Exercise objective – What you should give back is a precise copy of the lines below from the one containing "たっぷりと身幅をとった余裕感" through the one containing "duniyaa me.n har kisii kii", with no pictures.

== Information shown

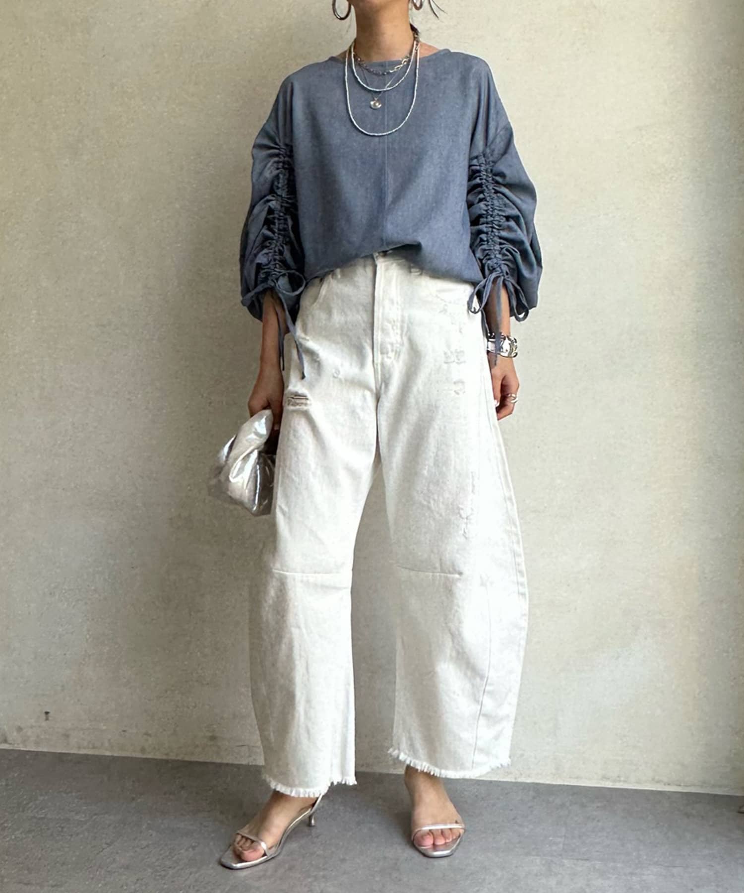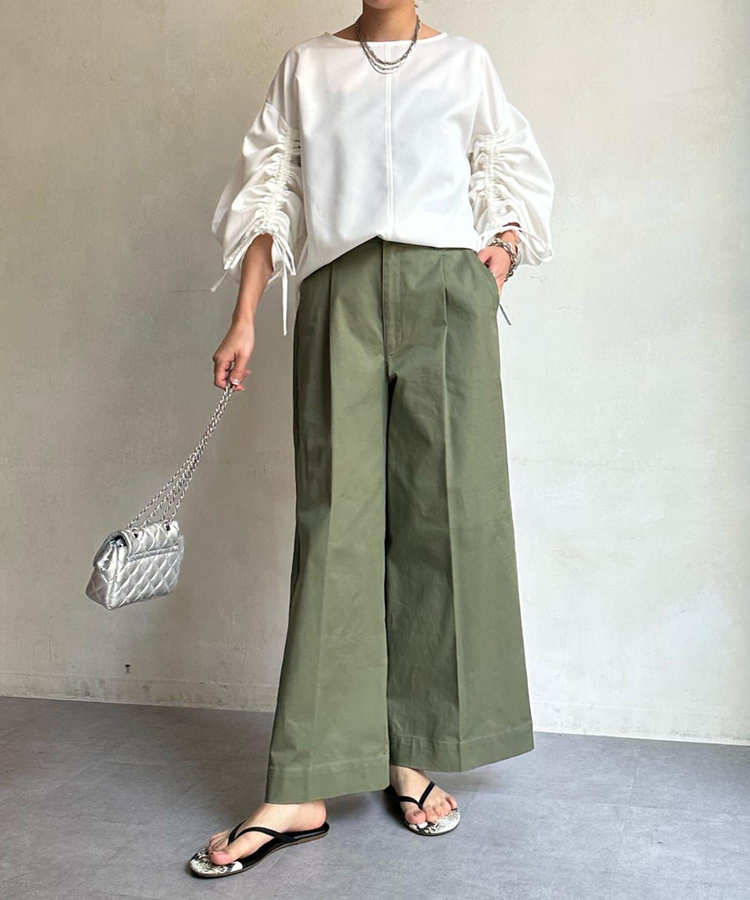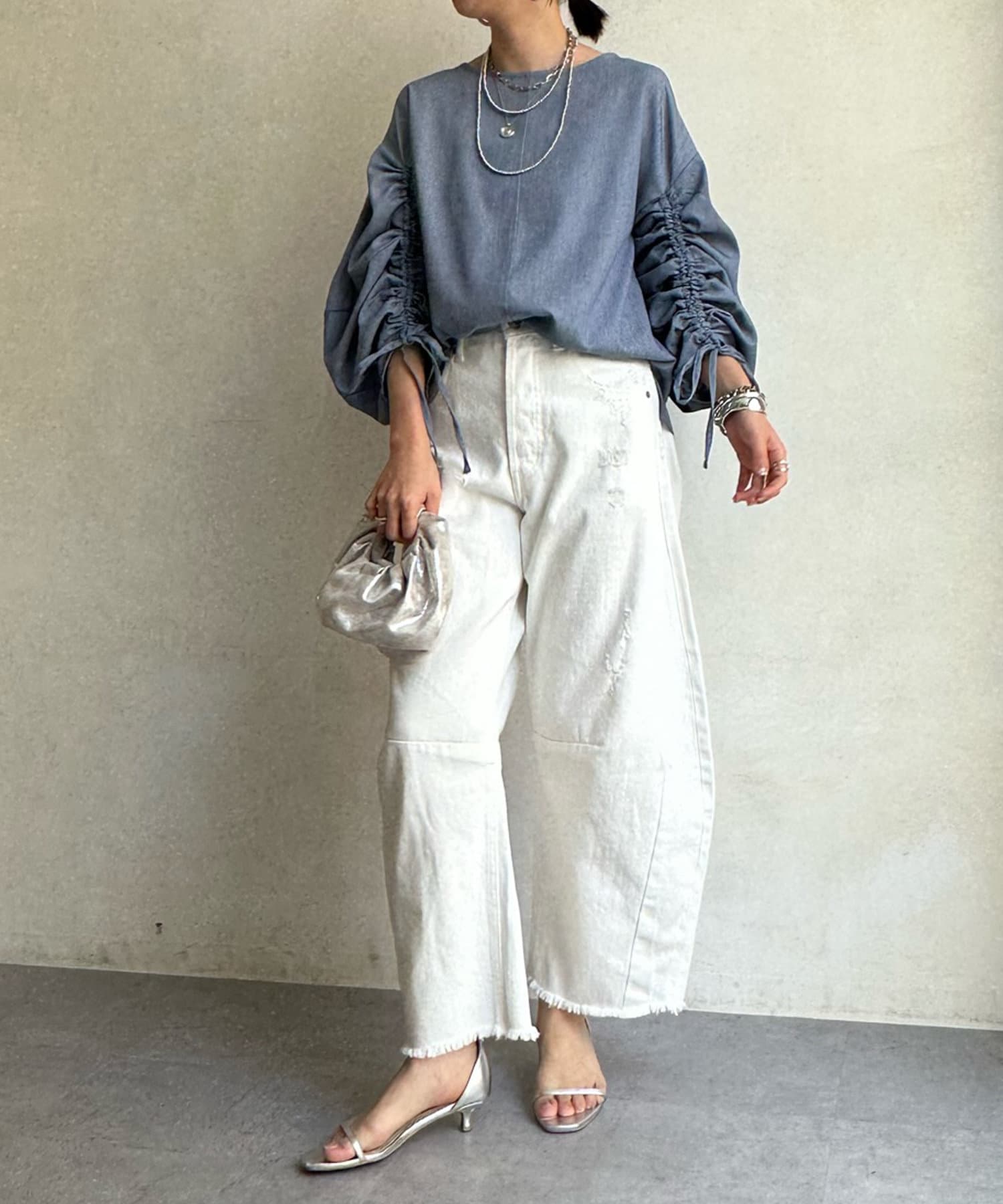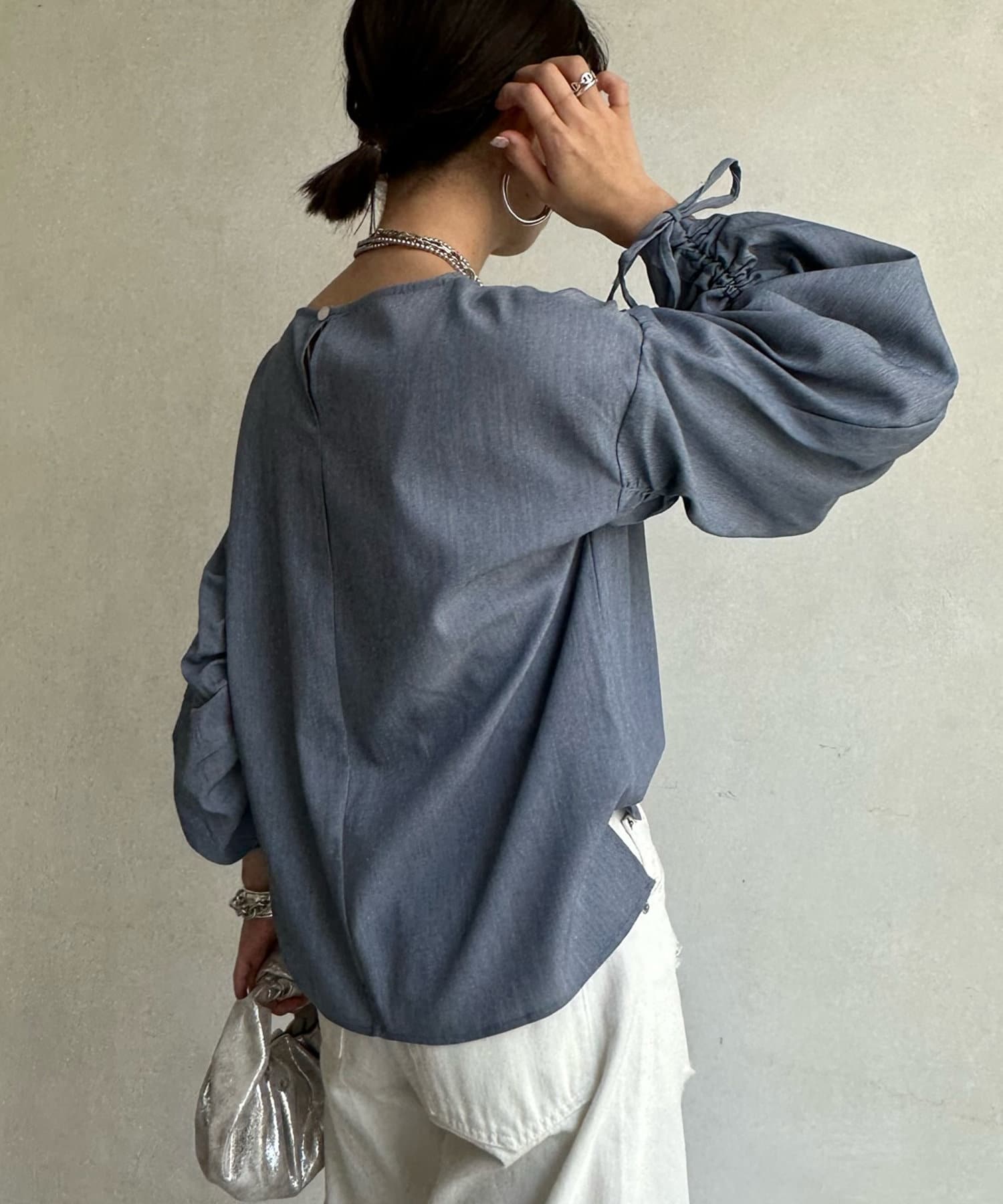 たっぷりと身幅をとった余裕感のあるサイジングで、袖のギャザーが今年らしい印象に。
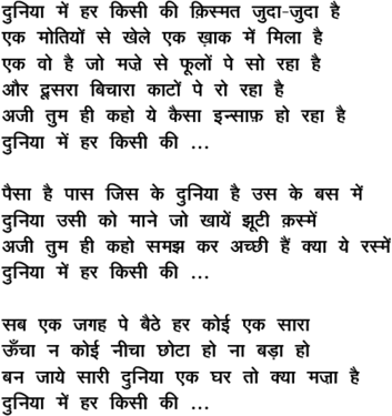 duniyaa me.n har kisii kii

====
== Information shown

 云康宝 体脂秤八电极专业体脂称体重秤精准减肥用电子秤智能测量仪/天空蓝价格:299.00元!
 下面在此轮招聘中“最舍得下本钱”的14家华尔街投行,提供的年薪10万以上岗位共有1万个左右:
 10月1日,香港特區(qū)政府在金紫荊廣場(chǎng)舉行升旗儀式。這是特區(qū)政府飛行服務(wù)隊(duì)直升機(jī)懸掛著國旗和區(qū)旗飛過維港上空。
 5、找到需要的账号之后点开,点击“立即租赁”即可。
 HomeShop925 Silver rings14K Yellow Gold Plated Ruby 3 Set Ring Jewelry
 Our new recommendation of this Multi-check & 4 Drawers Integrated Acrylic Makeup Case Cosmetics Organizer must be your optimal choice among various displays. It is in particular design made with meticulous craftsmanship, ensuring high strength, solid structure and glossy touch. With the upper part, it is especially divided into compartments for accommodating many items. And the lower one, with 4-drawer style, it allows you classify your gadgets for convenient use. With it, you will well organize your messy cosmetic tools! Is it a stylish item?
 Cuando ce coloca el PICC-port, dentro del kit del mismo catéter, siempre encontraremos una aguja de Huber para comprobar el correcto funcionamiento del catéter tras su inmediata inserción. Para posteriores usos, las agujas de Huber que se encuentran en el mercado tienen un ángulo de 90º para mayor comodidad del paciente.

====
== Information shown

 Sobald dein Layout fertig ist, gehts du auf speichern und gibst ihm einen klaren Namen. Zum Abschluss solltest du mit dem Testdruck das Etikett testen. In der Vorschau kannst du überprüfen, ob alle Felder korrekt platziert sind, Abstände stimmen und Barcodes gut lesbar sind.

====

Answer to the exercise –
 たっぷりと身幅をとった余裕感のあるサイジングで、袖のギャザーが今年らしい印象に。
 duniyaa me.n har kisii kii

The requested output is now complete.